All these articles make me think this is how Facebook conducts their meetings and communications. "Hey Bob, I really hate your work." "Oh, you LOVE it, right?" "Yeah, that's what I said."

I believe it's referred to as "link bait"
That is my preferred way to communicate.
>"I love the sarcastic titles..."

Whoops! You did it, too.

The title annoys me because I clicked on it wanting to read about hate. I'm just that kind of person.

Engineer interns unite!

Most of these seem true about any well put together company that has set the boundaries between the code and breaking of said code. As a software engineer intern at Animoto in NYC, these were all completely true, and I know other interns at other startups in NYC that also had high expectations out of their SE interns.

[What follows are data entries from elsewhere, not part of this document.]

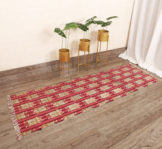 Cotton Area Rug Printed -Tiger Stripes Magenta
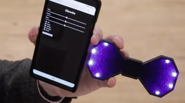 手持ちのスマホとWi-Fiで接続するだけで、アプリから色や発光パターンを様々に設定可能な「Glowtie」。
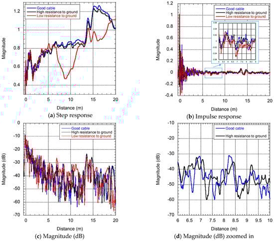 The high and low resistance to ground faults were created to study their impacts on FDR results: the step response, impulse response, and magnitude (dB). The magnitude of the step response shown in Figure 8a dropped dramatically when the low resistance to ground fault was present. The high resistance to the ground fault introduced a slight but consistent magnitude drop from the fault point to the end. The patterns of the impulse response in Figure 8b were quite difficult to observe. The fluctuation of the healthy part could be more than the pattern change caused by faults. For the magnitude (dB) results in Figure 8c, the low resistance fault increased the magnitude and changed the pattern in the fault area. The high resistance fault does not change the magnitude much but causes the distance shift in peaks and valleys. One can observe the high resistance fault by zooming in on the adjacent fault area, as shown in Figure 8d. The lab experiments have shown that the magnitude (dB) trace is able to present a 2 MΩ resistive fault. The detection sensitivity is better if a fault causes the local capacitance or inductance change.
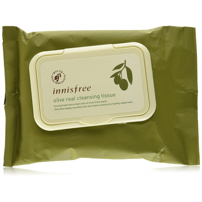 Очищающие салфетки Innisfree Olive Real Cleansing Tissue - настоящая находка для тех, кто нуждается в уходе за кожей в путешествиях, командировке, на протяжении рабочего дня или просто предпочитает использовать для демакияжа салфетки. 24 часа увлажнения благодаря премиальному качеству оливок.
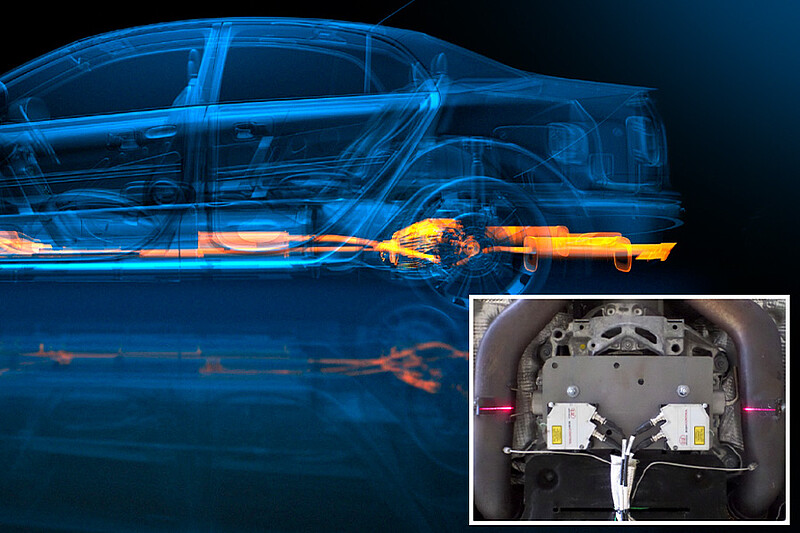 During the road test, powerful laser profile scanners and miniaturized laser sensors record lowfrequency vibrations and the movement of components within an assembly space. They test, for example, how assemblies move while driving or how the envelope curve of an exhaust system or cardan shaft is represented.
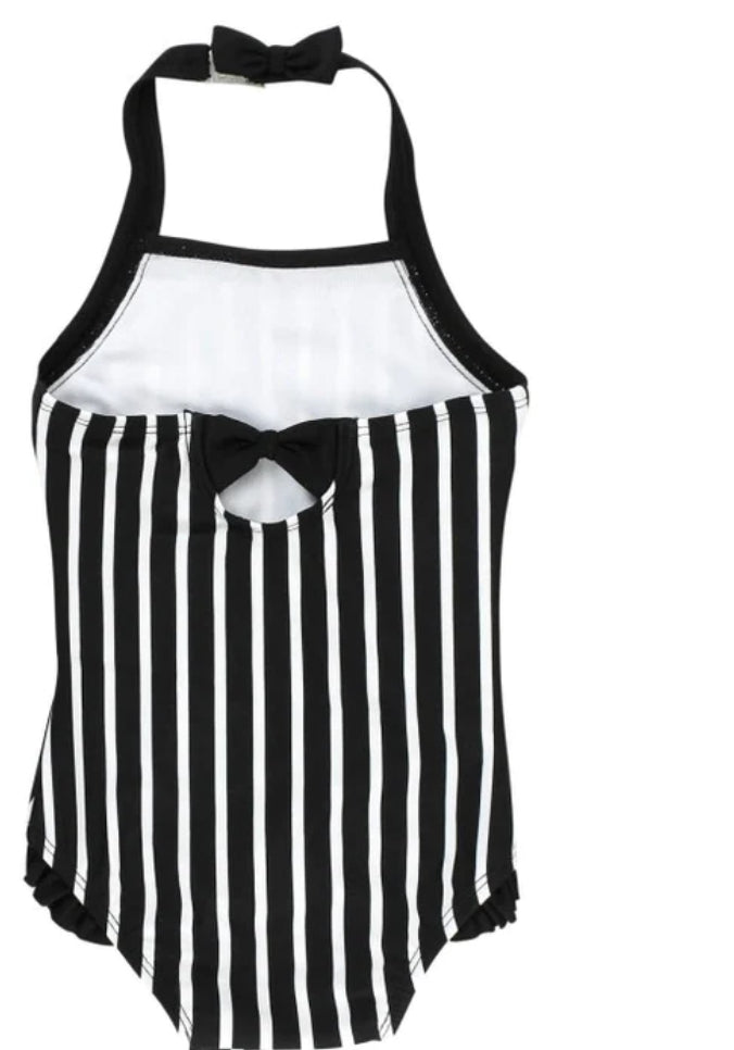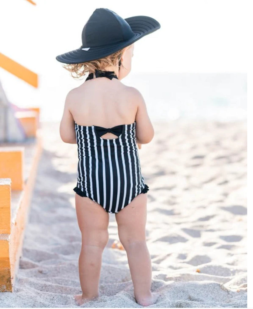 For a timeless look put your little one in our striped halter one piece. The UPF fabric will keep your little girl on trend and safe from rays.
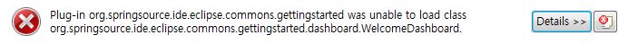 "Plug-in org.springsource.ide.eclipse.commons.gettingstarted was unable to load class org.springsource.ide.eclipse.commons.gettingstarted.dashboard.WelcomeDashboard."
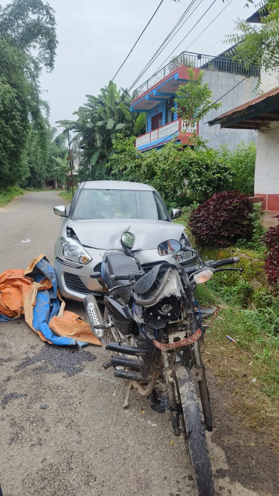 देविस्थानका कुशल पौडेलले आफ्नो घर नजिकै पार्किङ गरि राखेको ग ३ च ३६६२ नम्बरको कारमा बिपरित दिसाबाट आएको ग ७ प ७६१८ नम्बरको मोटरसाइकल ठक्कर खाँदा दुर्घटना भएको राम पौडेलले जानकारी दिनुभयो।
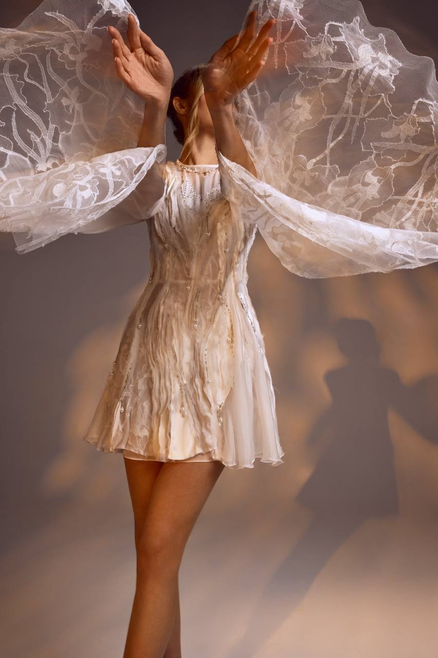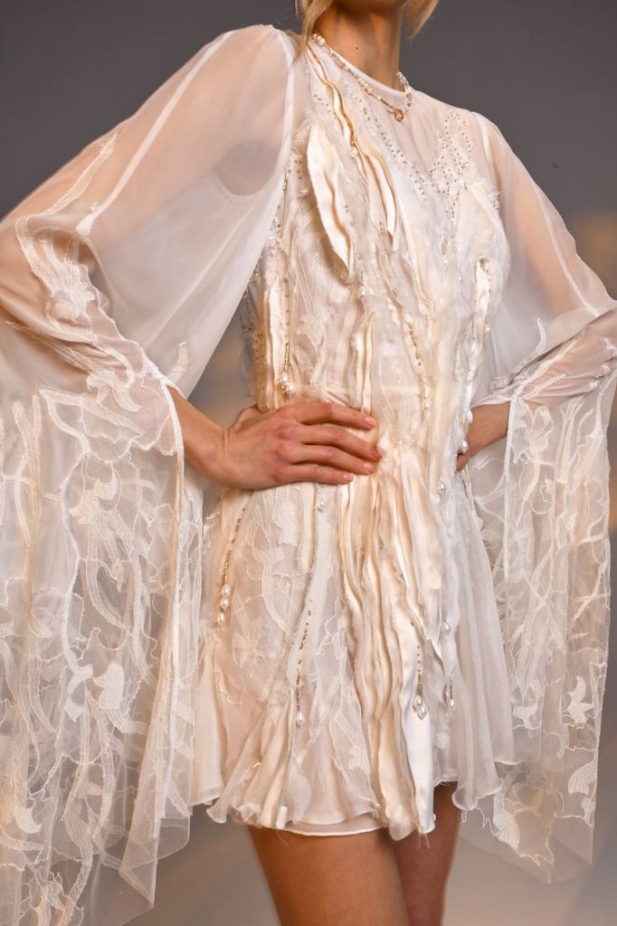 Полотно соткано из кружева, шифона, шелка и расшито жемчугом.
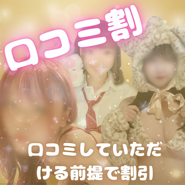 3/13 21:10 ★ 口コミ割 ★お客様を信じて先に割り引いちゃいます ★口コミ割★ ✨すべての女の子、お客様対象!✨口コミをしていただく事を前提で✨デリヘル60分コース➡75分15,000円✨✨デリヘル90分コース➡105分22,000円✨✨デリヘル120分コース➡135分28,000円✨※サービス後に口コミを必ずお願いいたします。

Interns can't learn unless they build and break, and shouldn't be put out in an island so they don't have to worry about breaking. If your system is built out well enough, no intern would be able to push out code that breaks in production.

Unlike Phillip Su's post, this is all just very thinly veiled sarcasm to make Facebook look like a good place to do an internship.

While I think Phillip also was being sarcastic, he actually gave good insight into why I wouldn't want to work for Facebook: too much code being shipped, not enough meetings (which results in disorganization, fragmented or duplicated effort), and too many decisions made by engineers (which means less consistent, less usable products).